One of my favorite things about Lark was that she was too curious for her own good. The moment she steps into the Institute and has an opportunity to go snooping for clues in her brother’s disappearance, she takes it. She’s dogged and audacious and I love her for it. Lark’s naivety in the outside world was especially endearing. Sometimes you read a book where the character is supposed to be out of sorts, but there’s no surprise, no true moments of awe. But with Lark there was a true wide-eyed innocence.
The shining beacon of Skylark is Oren, the wild boy Lark meets in the wilderness who eventually takes her to the Iron Wood, a place inhabited by special people like Lark. Oren was savage and sweet and at times a little unpredictable. He was also extremely sad and I’ve got a soft spot for the dejected.

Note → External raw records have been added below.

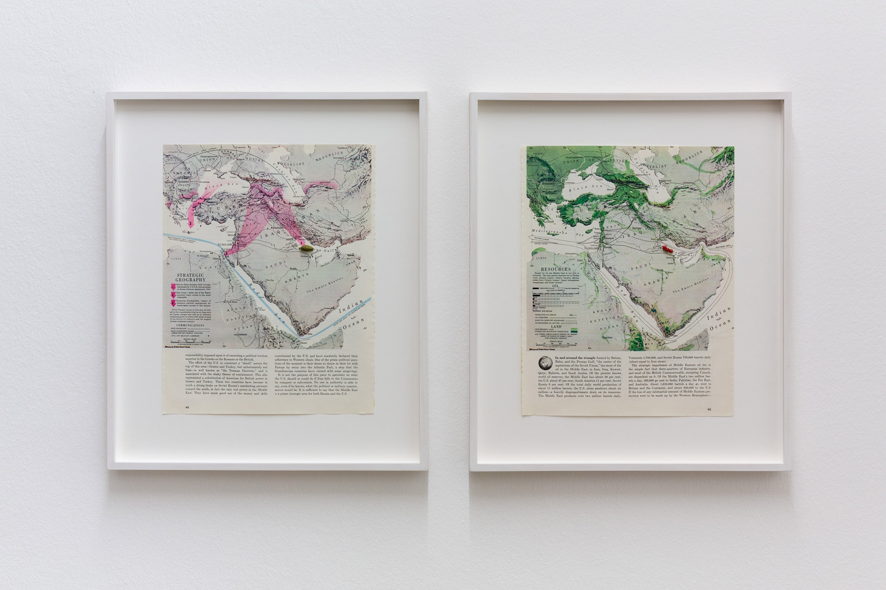 Cardamom and rose pepper glued on maps (four pages, lithographic print, Fortune magazine 1951) custom mounted on conservation mat board, individually framed, edition of 3 + 1 A.P., 2 parts, each 45.5 × 38.5 × 3.5 cm
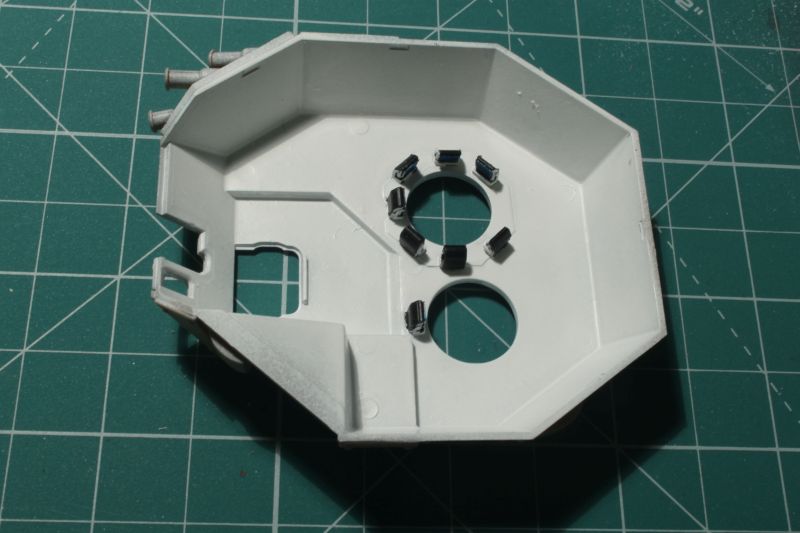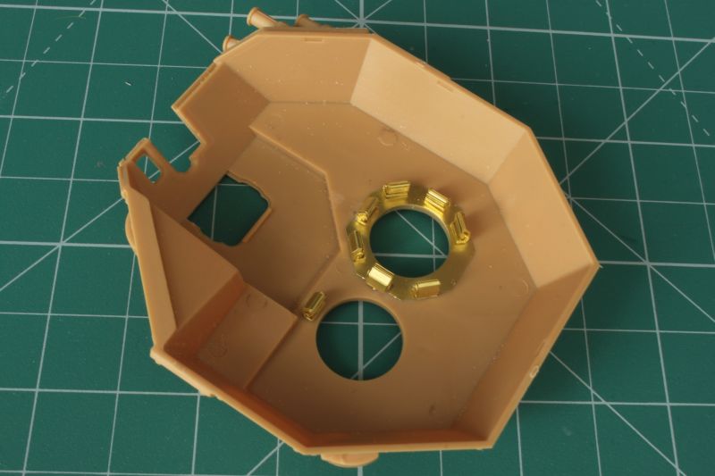 Kolejnym etapem prac było wykonanie wszystkiego, co należy umieścić we wnętrzu kadłuba i wieży. A jest tego naprawdę sporo – silnik, przedział kierowcy, przedział desantu, kosz wieży… Zacząłem już wtedy montować pierwsze fototrawionki – dolne części peryskopów wieżyczki, uchwyty gaśnic oraz kosz wieży. Ten ostatni otrzymał również szkielet wykonany z cienkiego drutu.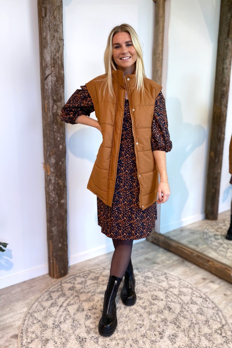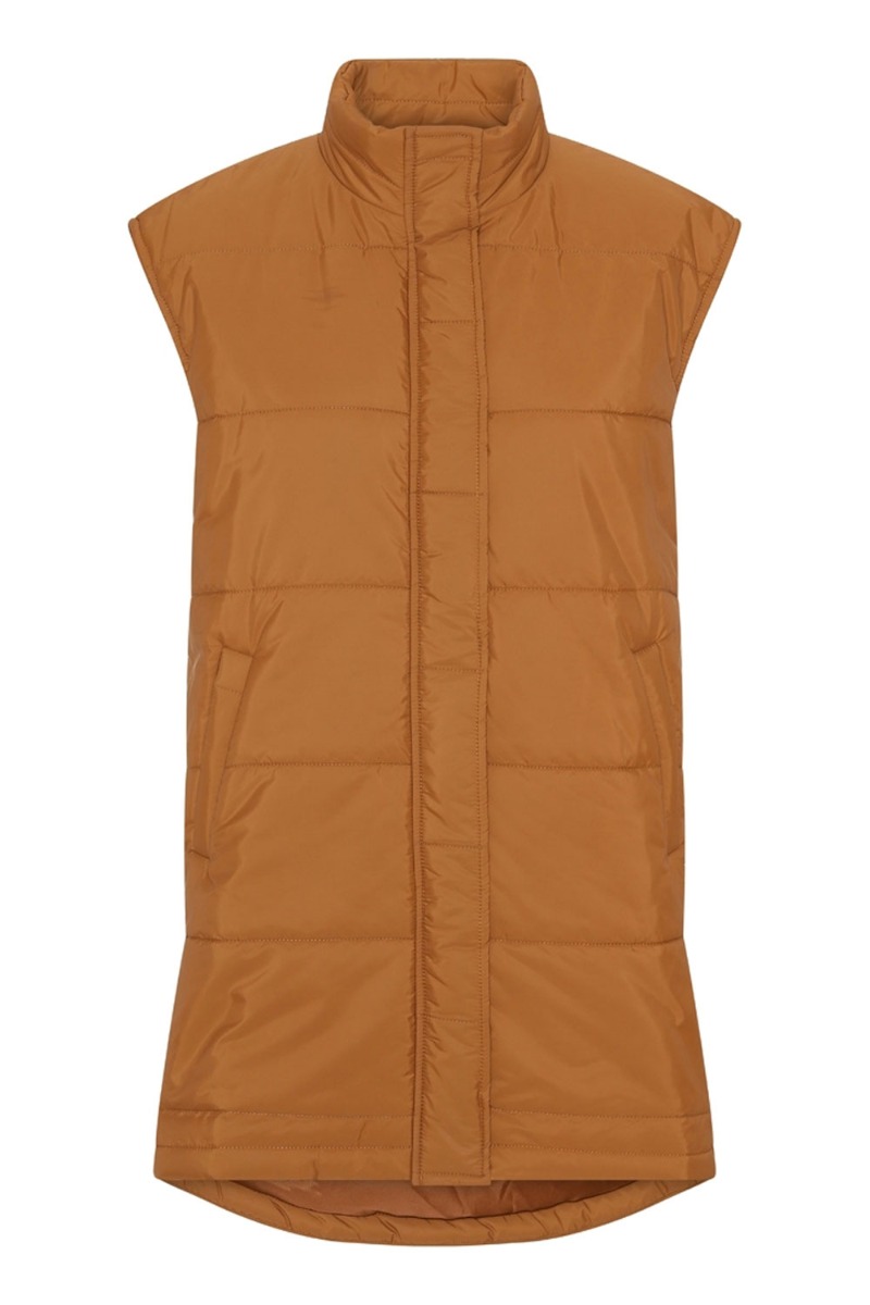Cool oversize vest fra A-View i et puffet look. Den høje hals lukkes foran med lynlås og trykknapper. Vesten er perfekt som overgangsjakke med en varm strik under de kølige dage og findes også i en lys beige.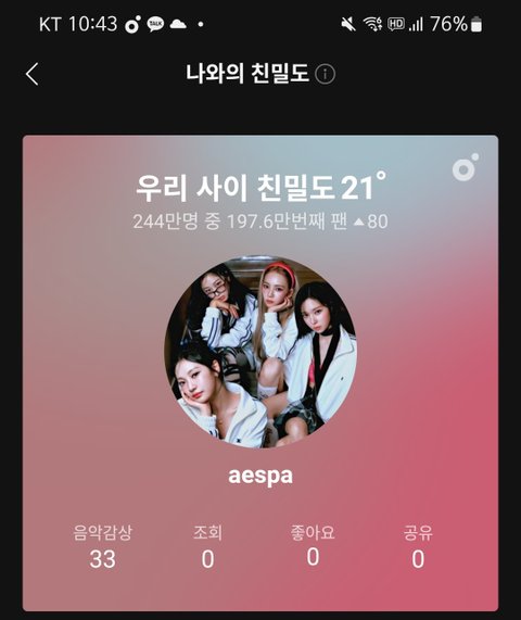 노래도 좋고 컨셉도 좋고 무엇보다 멤버들이 너무너무너무너무 예쁨 가사도 뇌절 없어서 좋음 평생 이 컨셉으로 갔으면 좋겠다 하이틴같은데 유치하진 않고 에스파만의 센 컨셉도 있으면서 중독성있는 노래로ㅠㅠㅠ이번 활동 미친듯 참고로 팬 아님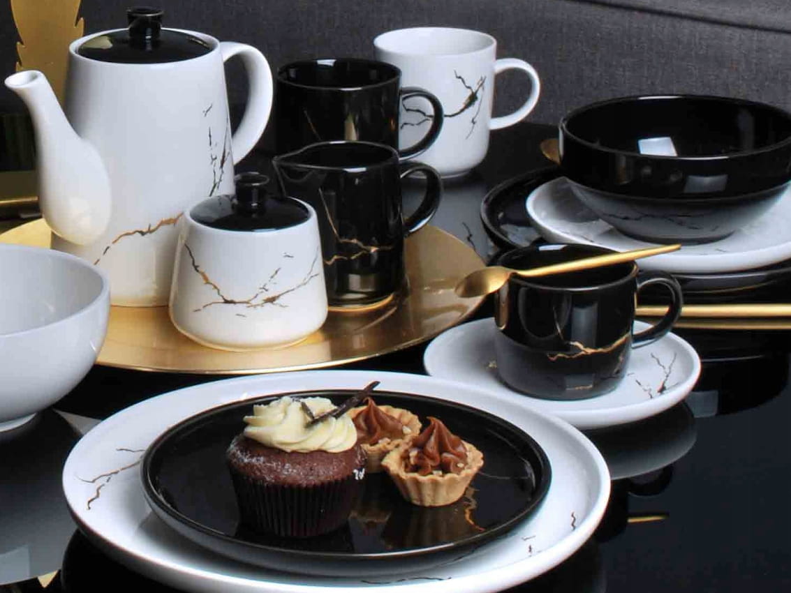 - Kolor: biały ze złotym zdobieniem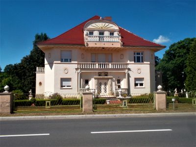 Villa mit Stützmauer und Einfriedung sowie Villengarten St.-Barbara-Platz 1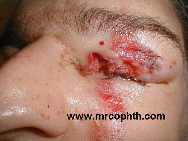 This 24 year-old was hit in the left upper lid with a petrol pump resulting in abrasion and full thickness laceration medially. The canaliculus was not removed.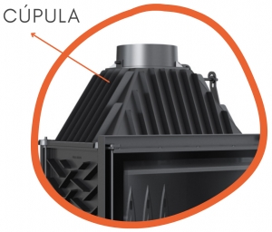 Recuperadores foyers – Destinam-se a lareiras que vão ser construídas. Na maioria das vezes são colocados em lareiras em pladur e podem ter uma base ajustável em altura. Fazem aquecimento por irradiação , ou seja, têm uma área com alhetas para fazer uma melhor permutação do calor. A cúpula aumenta a área de permuta para além das alhetas.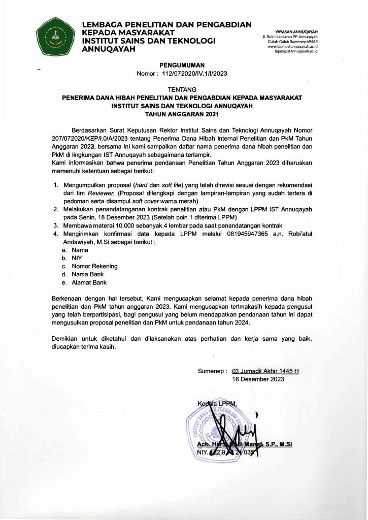 Menindaklanjuti Surat Keputusan Rektor Institut Sains dan Teknologi Annuqayah Nomor 207/072020/KEP/I.0/A/2023 tentang Penerima Dana Hibah Internal Penelitian dan PkM Tahun Anggaran 2023, berikut LPPM menginformasikan terkait penandatanganan kontrak penelitian hibah internal TA 2023.

There were, however, a few characters that fell flat for me, including Kris, a potential love-interest. He was far more interesting at the beginning of the book than at the end, where his sudden appearance was nothing but a red flag. Subsequently his feelings for Lark felt disingenuous. He was never really around her except possibly when she was unconscious. I’d have bought into his concern for her if that was the extent of his feelings, but I felt the author pushed too hard with him.
Overall, Skylark was a really enjoyable and the best part of reading a book more than a year after it’s release is that I don’t have to wait long for the sequel…seriously, I just went to the library and picked it up (another nerdy thing about me).